[GODRIVER-1516] Go driver does not appear to obey DNS changes Created: 03/Mar/20  Updated: 27/Oct/23  Resolved: 16/Mar/20

Status: Closed
Project: Go Driver
Component/s: None
Affects Version/s: None
Fix Version/s: None

Type: Bug Priority: Major - P3
Reporter: Ben Birt Assignee: Divjot Arora (Inactive)
Resolution: Works as Designed Votes: 0
Labels: None
Remaining Estimate: Not Specified
Time Spent: Not Specified
Original Estimate: Not Specified

Attachments: File mongo.yaml     Text File primaryIsMaster.txt     Text File secondaryIsMaster.txt    

 Description   

Apologies if this isn't the right place to file this!

 

I'm running my client code (which uses the Go MongoDB driver) on Kubernetes, along with 3 hosts running MongoDB (in a replica set). The client is configured to connect to "mongodb://mongo-0.mongo,mongo-1.mongo,mongo-2.mongo:27017". This works.

 

 

However, I have just noticed that if all Mongo replicas restart (and are given new IP addresses by Kubernetes), the client code doesn't seem to pick up this change; trying to run Mongo queries fails with 'connection reset by peer' errors which indicate that the client was trying to communicate with the old IP addresses.

 

I'm not sure what I should be doing here to handle this. Have we misconfigured some monitor setup, or do we need to configure some DNS resolution refresh frequency option? Should we be using "mongodb+srv" connection strings? I'm a little lost.



 Comments   
Comment by Divjot Arora (Inactive) [ 16/Mar/20 ]

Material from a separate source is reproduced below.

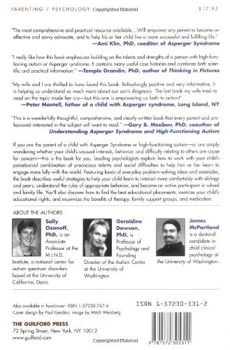 Asperger Syndrome and high-functioning autism are detected earlier and more accurately today than ever before. Children and teens with these disorders often stand out for their precocious intelligence and language abilities–yet profound social difficulties can limit every aspect of their lives. This hopeful, compassionate guide shows parents how to work with their child’s unique impairments and capabilities to help him or her learn to engage more fully with the world and live as self-sufficiently as possible. From leading experts in the field, the book is packed with practical ideas for helping children relate more comfortably to peers, learn the rules of appropriate behavior, and participate more fully in school and family life. It also explains what scientists currently know about autistic spectrum disorders and how they are diagnosed and treated. Real-life success stories, problem-solving ideas, and matter-of-fact advice on everything from educational placements to career planning make this an indispensable reference that families will turn to again and again.

ben@dataform.co Glad to hear it worked! I'm going to close out this ticket as "Works as Designed" but feel free to leave another comment or open a new ticket if you have any other issues!

– Divjot

Comment by Ben Birt [ 16/Mar/20 ]

Amazing, thank you!

I've set that variable, and everything appears to be working nicely:

{
	"hosts" : [
		"mongo-0.mongo.app-staging.svc.cluster.local:27017",
		"mongo-1.mongo.app-staging.svc.cluster.local:27017",
		"mongo-2.mongo.app-staging.svc.cluster.local:27017"
	],
	"setName" : "rs0",
	"setVersion" : 8231617,
	"ismaster" : true,
	"secondary" : false,
	"primary" : "mongo-1.mongo.app-staging.svc.cluster.local:27017",
	"me" : "mongo-1.mongo.app-staging.svc.cluster.local:27017",
	"electionId" : ObjectId("7fffffff0000000000000021"),
	"lastWrite" : {
		"opTime" : {
			"ts" : Timestamp(1584348624, 2),
			"t" : NumberLong(33)
		},
		"lastWriteDate" : ISODate("2020-03-16T08:50:24Z"),
		"majorityOpTime" : {
			"ts" : Timestamp(1584348624, 2),
			"t" : NumberLong(33)
		},
		"majorityWriteDate" : ISODate("2020-03-16T08:50:24Z")
	},
	"maxBsonObjectSize" : 16777216,
	"maxMessageSizeBytes" : 48000000,
	"maxWriteBatchSize" : 100000,
	"localTime" : ISODate("2020-03-16T08:50:33.405Z"),
	"logicalSessionTimeoutMinutes" : 30,
	"connectionId" : 407,
	"minWireVersion" : 0,
	"maxWireVersion" : 8,
	"readOnly" : false,
	"ok" : 1,
	"$clusterTime" : {
		"clusterTime" : Timestamp(1584348624, 2),
		"signature" : {
			"hash" : BinData(0,"AAAAAAAAAAAAAAAAAAAAAAAAAAA="),
			"keyId" : NumberLong(0)
		}
	},
	"operationTime" : Timestamp(1584348624, 2)
}

Would you like me to close this issue?

Comment by Divjot Arora (Inactive) [ 13/Mar/20 ]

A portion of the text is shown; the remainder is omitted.